We seem to be heading into the future with Gamera vs Zigra, which opens with an attack on a Japanese Moon Base by an unidentified alien spacecraft. Yet we’re soon on Earth and in the then-present day (of 1971), to the now familiar, still bizarre, strains of the Gamera March. 

We’re introduced to a group of kids, all children of Kamogawa Sea World employees, intercut with footage of the playful Orcas putting on a show in captivity at the resort. Soon enough, we see the spacecraft from the prologue landing in the ocean; true to form for the series, the alien vessel has a wonderfully bizarre and colourful design – and a green-and-silver clad female inhabitant whose intentions are clearly nefarious. She’s soon causing earthquakes around the world in order to demonstrate the scientific superiority of her people and demand the surrender of Earth’s people – but guess who turns up to deal with the destructive extra-terrestrial visitor? That’s right, rocket-powered friend to all children: Gamera! 

There’s an admirably ecological message in Gamera vs Zigra, which is pretty much a first for the series – the films are usually fairly unconcerned with the destruction that is wrought by Gamera, his enemies and even the humans.
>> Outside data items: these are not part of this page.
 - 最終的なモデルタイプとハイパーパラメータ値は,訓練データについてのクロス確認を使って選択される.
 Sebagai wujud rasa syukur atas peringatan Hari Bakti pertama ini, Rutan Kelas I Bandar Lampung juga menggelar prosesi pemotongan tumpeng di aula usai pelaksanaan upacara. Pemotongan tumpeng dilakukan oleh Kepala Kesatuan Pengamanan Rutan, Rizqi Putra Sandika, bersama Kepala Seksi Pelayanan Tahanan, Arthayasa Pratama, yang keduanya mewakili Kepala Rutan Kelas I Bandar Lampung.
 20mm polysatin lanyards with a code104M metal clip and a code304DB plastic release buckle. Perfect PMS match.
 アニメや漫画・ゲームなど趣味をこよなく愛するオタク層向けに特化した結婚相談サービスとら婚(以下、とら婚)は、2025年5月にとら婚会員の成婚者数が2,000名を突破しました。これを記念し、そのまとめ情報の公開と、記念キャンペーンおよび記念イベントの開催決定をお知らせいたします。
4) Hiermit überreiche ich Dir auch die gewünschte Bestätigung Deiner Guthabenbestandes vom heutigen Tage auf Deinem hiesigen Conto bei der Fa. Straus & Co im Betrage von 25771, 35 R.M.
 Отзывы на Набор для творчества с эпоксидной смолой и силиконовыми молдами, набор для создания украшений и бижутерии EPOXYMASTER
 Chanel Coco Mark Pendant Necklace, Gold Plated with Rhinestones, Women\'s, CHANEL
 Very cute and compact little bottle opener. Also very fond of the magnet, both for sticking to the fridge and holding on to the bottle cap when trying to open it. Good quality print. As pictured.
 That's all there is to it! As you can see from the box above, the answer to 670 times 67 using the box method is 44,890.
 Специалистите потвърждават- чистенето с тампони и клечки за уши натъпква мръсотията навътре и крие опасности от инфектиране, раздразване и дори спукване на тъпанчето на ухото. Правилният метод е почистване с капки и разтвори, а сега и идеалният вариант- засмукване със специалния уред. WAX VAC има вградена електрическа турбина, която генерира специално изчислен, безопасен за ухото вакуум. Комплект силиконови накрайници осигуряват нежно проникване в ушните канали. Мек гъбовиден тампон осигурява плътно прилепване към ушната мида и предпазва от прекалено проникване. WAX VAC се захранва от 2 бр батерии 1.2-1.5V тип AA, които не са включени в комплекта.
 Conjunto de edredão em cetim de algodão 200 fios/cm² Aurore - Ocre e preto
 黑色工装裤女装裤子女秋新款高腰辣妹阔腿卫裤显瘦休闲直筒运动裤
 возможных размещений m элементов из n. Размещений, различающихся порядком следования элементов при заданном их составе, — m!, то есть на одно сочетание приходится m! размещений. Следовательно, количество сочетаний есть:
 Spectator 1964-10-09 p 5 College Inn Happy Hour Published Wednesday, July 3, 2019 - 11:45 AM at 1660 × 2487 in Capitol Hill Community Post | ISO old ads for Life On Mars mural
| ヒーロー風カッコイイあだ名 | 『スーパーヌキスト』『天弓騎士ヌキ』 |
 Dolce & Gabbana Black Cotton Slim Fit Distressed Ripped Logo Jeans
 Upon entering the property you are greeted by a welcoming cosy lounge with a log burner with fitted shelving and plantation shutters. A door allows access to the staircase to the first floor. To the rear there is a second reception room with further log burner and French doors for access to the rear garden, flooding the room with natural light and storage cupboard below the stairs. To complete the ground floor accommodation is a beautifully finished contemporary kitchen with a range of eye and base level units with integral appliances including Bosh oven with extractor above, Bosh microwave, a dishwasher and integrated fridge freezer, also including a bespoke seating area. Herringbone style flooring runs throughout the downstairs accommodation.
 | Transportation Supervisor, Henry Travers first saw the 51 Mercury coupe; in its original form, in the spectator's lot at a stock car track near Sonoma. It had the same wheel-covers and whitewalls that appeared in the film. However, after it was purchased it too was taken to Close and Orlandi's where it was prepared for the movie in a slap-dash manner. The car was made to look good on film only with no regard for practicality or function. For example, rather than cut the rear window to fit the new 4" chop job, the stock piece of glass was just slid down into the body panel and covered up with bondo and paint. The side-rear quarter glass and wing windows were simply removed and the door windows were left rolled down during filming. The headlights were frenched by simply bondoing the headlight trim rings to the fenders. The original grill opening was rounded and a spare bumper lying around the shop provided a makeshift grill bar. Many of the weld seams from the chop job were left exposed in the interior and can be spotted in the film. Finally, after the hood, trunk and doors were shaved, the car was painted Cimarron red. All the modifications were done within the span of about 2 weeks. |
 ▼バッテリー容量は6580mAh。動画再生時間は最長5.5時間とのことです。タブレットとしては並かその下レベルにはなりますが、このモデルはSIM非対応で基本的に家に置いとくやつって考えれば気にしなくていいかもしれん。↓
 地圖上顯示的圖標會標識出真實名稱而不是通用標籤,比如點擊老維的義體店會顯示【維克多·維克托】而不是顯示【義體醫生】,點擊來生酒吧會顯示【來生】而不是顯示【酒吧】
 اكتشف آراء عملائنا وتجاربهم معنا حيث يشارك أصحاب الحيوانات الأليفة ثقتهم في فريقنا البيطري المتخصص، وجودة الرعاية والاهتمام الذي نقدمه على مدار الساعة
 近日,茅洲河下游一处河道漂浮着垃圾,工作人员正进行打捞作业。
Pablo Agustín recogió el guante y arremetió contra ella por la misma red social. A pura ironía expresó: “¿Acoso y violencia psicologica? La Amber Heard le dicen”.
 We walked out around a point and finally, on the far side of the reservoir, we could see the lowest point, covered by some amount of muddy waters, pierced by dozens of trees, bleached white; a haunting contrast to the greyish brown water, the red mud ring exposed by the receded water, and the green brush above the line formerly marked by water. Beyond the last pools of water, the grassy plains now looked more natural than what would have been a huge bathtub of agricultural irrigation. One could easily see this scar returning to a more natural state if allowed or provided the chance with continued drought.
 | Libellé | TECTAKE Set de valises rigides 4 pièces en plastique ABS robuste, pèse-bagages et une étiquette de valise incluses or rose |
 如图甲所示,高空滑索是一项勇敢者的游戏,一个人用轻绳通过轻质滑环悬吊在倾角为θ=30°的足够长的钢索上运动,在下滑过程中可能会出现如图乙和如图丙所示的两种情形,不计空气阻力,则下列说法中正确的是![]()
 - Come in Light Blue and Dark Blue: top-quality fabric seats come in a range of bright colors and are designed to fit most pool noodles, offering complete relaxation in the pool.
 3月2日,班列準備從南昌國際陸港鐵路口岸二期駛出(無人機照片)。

Here, however, the motivations of the ocean-dwelling aliens and footage of fish being sold at markets give this film a lot more subtext than is normally expected from the incredibly silly and bizarre Gamera series. That’s not to say that the film isn’t daft in this instance – it absolutely is very silly indeed – but it’s refreshing that it does at least try to have a message this time. It’s heavy-handedly delivered by the end of the film though, for all intents and purposes delivered explicitly at the audience – as if we hadn’t already worked out the not-exactly-underlying message for ourselves by that point. 

There seems to be a lot of stock footage, which sadly sits awkwardly alongside the charmingly quaint and endearing model work. Gamera seems notably absent for much of the proceedings, oddly – at times it doesn’t even feel like a kaiju movie at all. We don’t even get another kaiju until around 50 minutes in – but it’s a good one! Gamera faves off against a creature that looks like a beaker, armour plated shark – and they have a characteristically daft tussle that starts underwater, but somehow leads to the creature becoming a biped on land; even by Gamera movie standards, it’s a weird one. By the climactic fight – which sees Gamera playing a tune on his enemy’s fins and then dancing – it’s become even more so. 

Still, despite its utterly bizarre moments, the ecological message and goblin shark-esque design of the antagonist marks this entry out as one of the most unusual (yep, unusual even by the standards of the Gamera films). By this stage in the series, it’s odd that the film makers suddenly decided to grow an ecological conscience – but the attempt at injecting a message into the trademark silly monster wrestling is an admirable one at least.